Which types of article should not be recommended as links by the link-recommendation algorithm?
For example, we only recommend links to articles that are in the main namespace of the same Wikipedia and that are not redirect-pages. In different places we made specifications as to what types of articles we should not link to, such as
- disambiguation pages T261408#6840709
- dates (e.g. years) T253279
- dates and centuries T278864#6970551
A substantial fraction of these can be filtered by looking up statements of the corresponding Wikidata-item, most notably the value for the [[ https://www.wikidata.org/wiki/Property:P31 | instance-of property ]]. For example, we can identify the article [[ https://en.wikipedia.org/wiki/Statistics_(disambiguation) | Statistics (disambiguation) ]] as a disambiguation page (without parsing the title) from the fact that the corresponding Wikidata-item ([[ https://www.wikidata.org/wiki/Q2333935 | Q2333935 ]]) specifies that it is an "instance of" the Wikidata-item "Wikimedia disambiguation page" ([[ https://www.wikidata.org/wiki/Q4167410 | Q4167410 ]]).

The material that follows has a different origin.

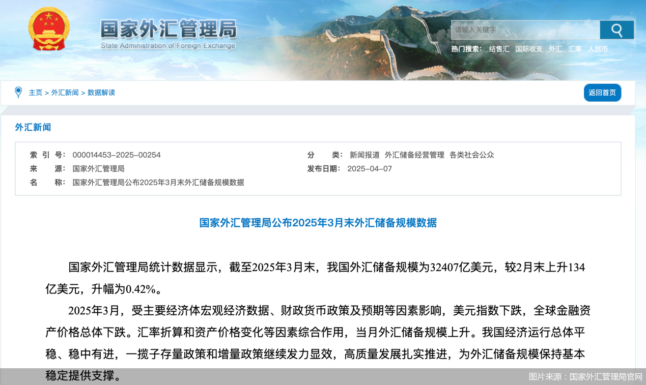 最新一期外汇储备数据出炉。4月7日,国家外汇管理局统计数据显示,截至2025年3月末,我国外汇储备规模为32407亿美元,连续16个月保持在3.2万亿美 元关口上方。汇率折算和资产价格变化等因素综合作用下,当月外汇储备规模上升。 另据央行官网更新的官方储备资产数据,截至2025年3月末,我国黄金储备7370万盎司,较2月末增长9万盎司。面对金融市场的动荡,有分析人士指出,央 行继续稳健地增持黄金,更多是出于应对地缘政治新风险点和不确定性、顺应市场避险情绪、对冲其他类别金融资产波动性的考虑。 中信证券首席经济学家明明在接受北京商报记者采访时指出,2025年3月,受主要经济体宏观经济数据、财政货币政策及预期等因素影响,美元指数下跌, 全球金融资产价格总体下跌。截至3月28日,在岸人民币汇率为1美元对7.2637元人民币,离岸人民币汇率为1美元对7.2697元人民币,较2月末分别升值 0.28%和0.35%。汇率折算和资产价格变化等因素综合作用下,当月外汇储备规模上升。 黄金储备"五连增" 4月7日,受到美国"对等关税"政策影响,全球金融市场一片震荡,黄金价格波动加剧。央行在黄金储备方面的动作,也受到更多关注。 外 ...

Currently, we filter an article from the set of candidate-links if it is an instance-of the following items:
- Wikimedia disambiguation page ([[ https://www.wikidata.org/wiki/Q4167410 | Q4167410 ]])
- Wikimedia list article ([[ https://www.wikidata.org/wiki/Q13406463 | Q13406463 ]])

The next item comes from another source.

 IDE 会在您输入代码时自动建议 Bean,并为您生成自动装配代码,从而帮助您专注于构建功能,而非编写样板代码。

- Year ([[ https://www.wikidata.org/wiki/Q577 | Q577 ]])
- Calendar year ([[ https://www.wikidata.org/wiki/Q3186692 | Q3186692 ]])
Other candidates are:
- century ([[ https://www.wikidata.org/wiki/Q578 | Q578 ]])
- calendar date ([[ https://www.wikidata.org/wiki/Q205892 | Q205892 ]])
- point in time with respect to recurrent timeframe ([[ https://www.wikidata.org/Q14795564 | Q14795564 ]])
- ...
Aim:
[ ] Identify other types of articles we do not want to filter based on linking conventions or feedback
[ ] Identify the corresponding Wikidata item
[ ] Add the list of Wikidata items to the filter in the repository and retrain the model ([[ https://github.com/wikimedia/research-mwaddlink/blob/main/src/scripts/filter_dict_anchor.py#L12 | code ]])